When a job is submitted after this, its jobid will have .biology on the end: 14.napali.biology. If display_job_server_suffix is set to false, it would be named 14.biology.

job_sync_timeout
Format <INTEGER>
Default 60
Description When a stray job is reported on multiple nodes, the server sends a kill signal to one node at a time. This timeout determines how long the server waits between kills if the job is still being reported on any nodes.
keep_completed
Format <INTEGER>
Default

300

Description

The amount of time (in seconds) a job will be kept in the queue after it has entered the completed state. keep_completed must be set for job dependencies to work.
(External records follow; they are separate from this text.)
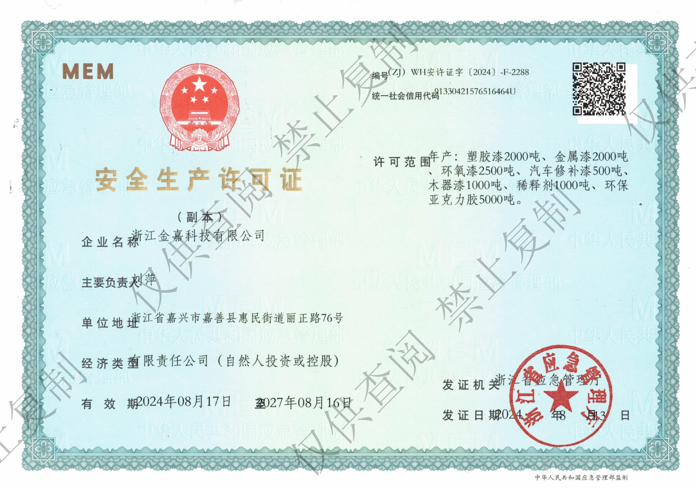 浙江金嘉科技有限公司创建于2000年,在创始人的带领下,深耕化工领域二十余载,始终秉持“笃定前行,行稳致远“的核心理念,致力于打造以胶黏剂、水性工业漆、化工合成等化工产品的研发、生产、销售、施工为一体的绿色新材料一站式集成系统。公司现拥有30,000㎡现代化生产基地及50余人专业团队,为客户提供高价值、高标准的产品,助力客户企业可持续发展。
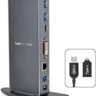 Estación de Acoplamiento Universal WAVLINK USB 3.0/USB C con Dos Salidas de vídeo (HDMI, DVI o VGA) para Ordenador portátil/PC o Mac (Gigabit Ethernet y 6 Puertos USB 3.0)
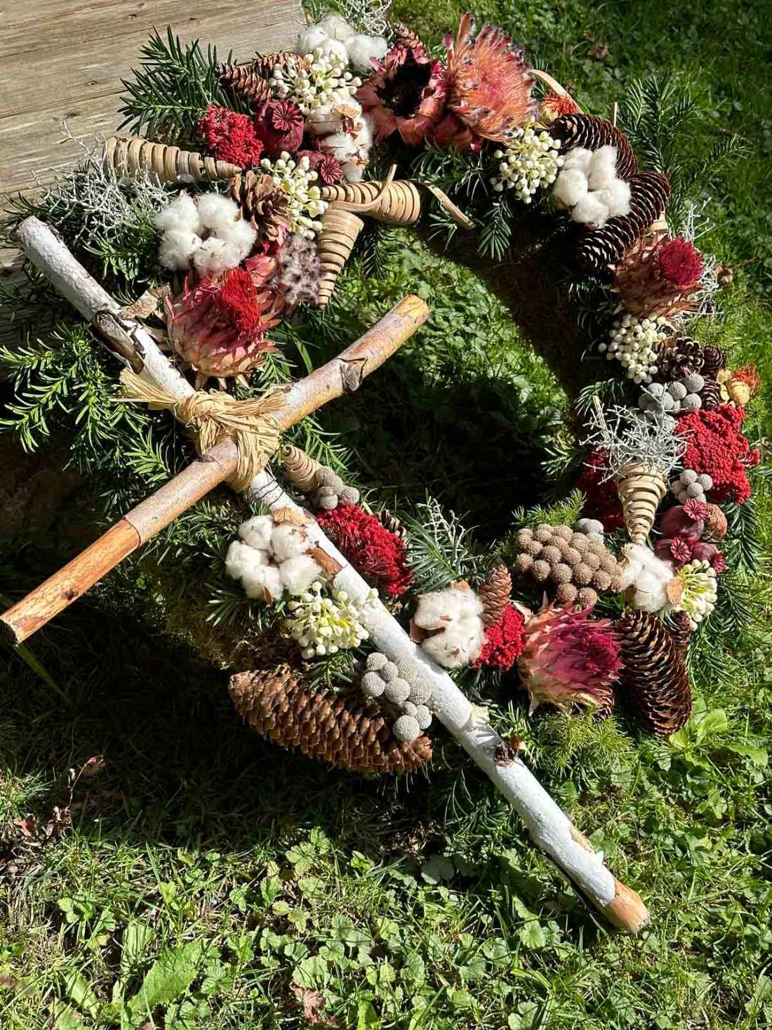 Mein Kranz besteht aus einem Strohrömer mit einem Durchmesser von 50 cm. Zuerst wird der Rohling mit Moos bedeckt, den ich mit einem feinen Blumendraht befestigt habe. Dann werden Tannenzweige und Koniferen aufgelegt und mit Patenthaften befestigt. Mit Tannenzapfen, getrockneten Blumen wie Schafgarbe und Protea, Stacheldraht Zweige, Baumwollblüten und weißen Beeren habe ich den Kranz geschmückt. Der eigentliche Hingucker ist das Kreuz aus dünnen Birkenästen auf der linken Seite. Der Kranz lässt sich sehr gut selbst machen und hält sich sehr lange. Im Gartencenter werden für kleine Gestecke schon mal 30 Euro verlangt und bei großen Gestecken oder Kränzen bekommt man unter 100 Euro so gut wie nichts. Die Kosten für meinen Kranz waren 45 Euro für das Material und „Selbermachen“ macht nicht nur Spaß, sondern kreative Arbeit liegt voll im Trend.

For more information, see Keeping Completed Jobs.

kill_delay
Format <INTEGER>
Default

If using qdel, 2 seconds

If using qrerun, 0 (no wait)

Description

Specifies the number of seconds between sending a SIGTERM and a SIGKILL to a job you want to cancel. It is possible that the job script, and any child processes it spawns, can receive several SIGTERM signals before the SIGKILL signal is received.

All MOMs must be configured with $exec_with_exec true in order for kill_delay to work, even when relying on default kill_delay settings.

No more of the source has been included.